# trestle ladders with extension



## BillConnerFASTC (Oct 29, 2014)

Anyone still using these - the basic A'frame with center fly or extension? Werner and others still sell them. Unclear if you are allowed by OSHA to climb it or if it can only be used to support scaffold planks. Seems like a viable solution for a very low use facility where they will never afford a lift.


----------



## Footer (Oct 29, 2014)

I have cut up at least two in the last 5 years at two places I have worked. They are still all over middle school, high school, and college campuses. The fiberglass ones are better, but still not right. No reason to buy one when you can buy a good scaffold for the same price.... especially when you consider that to most the actually useful you have to put them on a dolly.

I would NEVER consider these a viable solution unless you are using them as intended... as a painters scaffold. Even then, there are much better solutions.


----------



## JChenault (Oct 29, 2014)

If we are talking about the old fashioned a frame with an extension that goes straight up ( I did a google search but could not find it ) - then yes we still have one in our space.

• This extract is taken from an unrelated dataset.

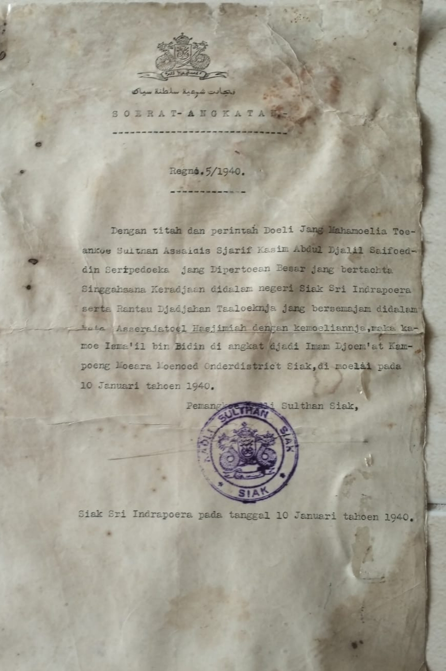 Pengangkatan tersebut ditetapkan melalui Surat Angkatan Kesultanan Siak nomor: Regno.5/1940, tertanggal 10 Januari 1940. Hal ini menunjukkan betapa besar kepercayaan Kesultanan Siak terhadap sosok Haji Imam Ismail. Ia tidak hanya menjadi imam salat, tetapi juga seorang tokoh yang dihormati dan disegani.

It gets almost no yes any more ( good thing as it sent me to the ER twice ) since we replace our house lights with LED units.

I disagree slightly with footer. I think they are useful if you do not have a clear floor. For example if you have to set up between rows of seats.


----------



## MarshallPope (Oct 29, 2014)

Honestly, I much prefer an A-frame with an extension on wheels over a Genie lift. I feel infinitely safer on one. Once you get the hang of crawling over the top and locking your leg in, I fel very secure 35' in the air, as opposed to a Genie where you are swaying all over the place.


----------



## gafftaper (Oct 29, 2014)

I'm with Footer. Chop them up! A painter's scaffold is far safer and doesn't cost that much more. 

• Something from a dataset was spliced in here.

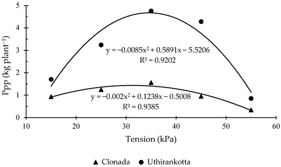 Regression analysis indicated a significant effect of soil water tension on Ppp, with a quadratic response for both genotypes. Based on the fitted models, the estimated maximum black pepper production for Clonada was 2.42 kg plant−1 at a soil water tension of 31.0 kPa, whereas for Uthirankotta, the estimated maximum was 4.69 kg plant−1 at 34.7 kPa, representing a difference of approximately 48% between genotypes under these conditions.

Also people should consider the new Little Giant Aerial Safety Cage. 


MarshallPope said:


> Honestly, I much prefer an A-frame with an extension on wheels over a Genie lift. I feel infinitely safer on one. Once you get the hang of crawling over the top and locking your leg in, I fel very secure 35' in the air, as opposed to a Genie where you are swaying all over the place.

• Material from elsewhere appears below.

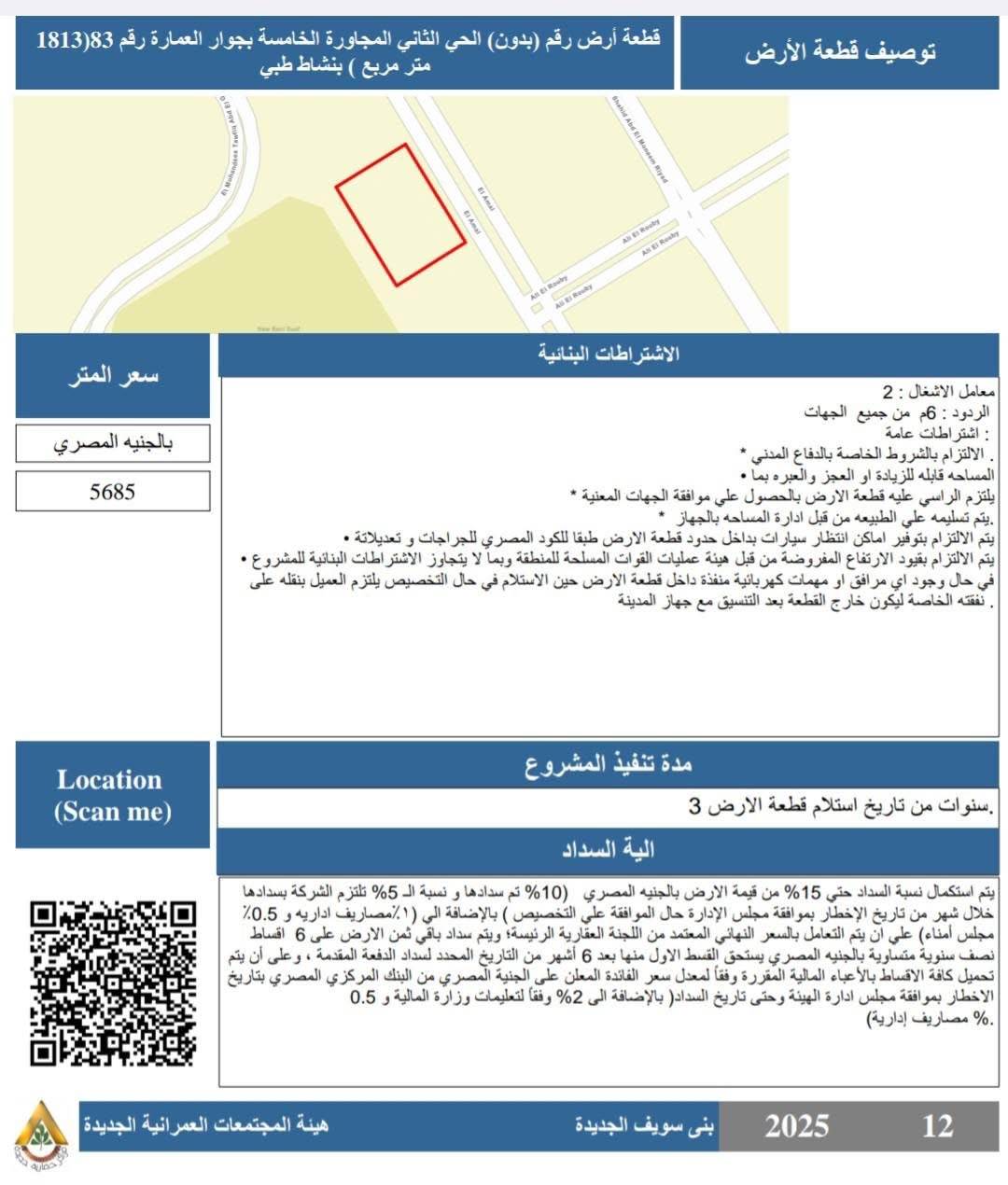 - قطعة أرض بالحي الثاني المجاورة الخامسة بجوار العمارة رقم (1813) بمساحة 83 متر مربع بنشاط طبي، بسعر 5685 جنيهًا للمتر.

You my friend are a little bit crazy.


----------



## MarshallPope (Oct 29, 2014)

gafftaper said:


> You my friend are a little bit crazy.



Quite true.


----------



## BillConnerFASTC (Oct 29, 2014)

It is for houselights and rowscof seats. Werner fg is around $850. Hard to find a scaffold with a deck around 18' ft for that and fit it between rows of fixed seats.


----------



## soundlight (Oct 29, 2014)

I actually quite like the ladders with the extension bit in the middle. Fiberglass more than wooden, but I used a very sturdy wooden one in college and quite liked it. We always sandbagged the bottom rungs ladder to keep it secure, just in case, but it didn't ever seem wobbly to me. I find myself very comfortable with swinging my leg up over the top and working up there. That being said, I was only working on an 18' one, I don't think I'd be at all interested in a 35' one. Anything over 20' I generally say scaff, lift, or I'm not going up. Extra tall extension ladders are not my thing.


----------



## SteveB (Oct 29, 2014)

Would use of an A frame with center extension, not then require the use of fall protection for the person climbing ?.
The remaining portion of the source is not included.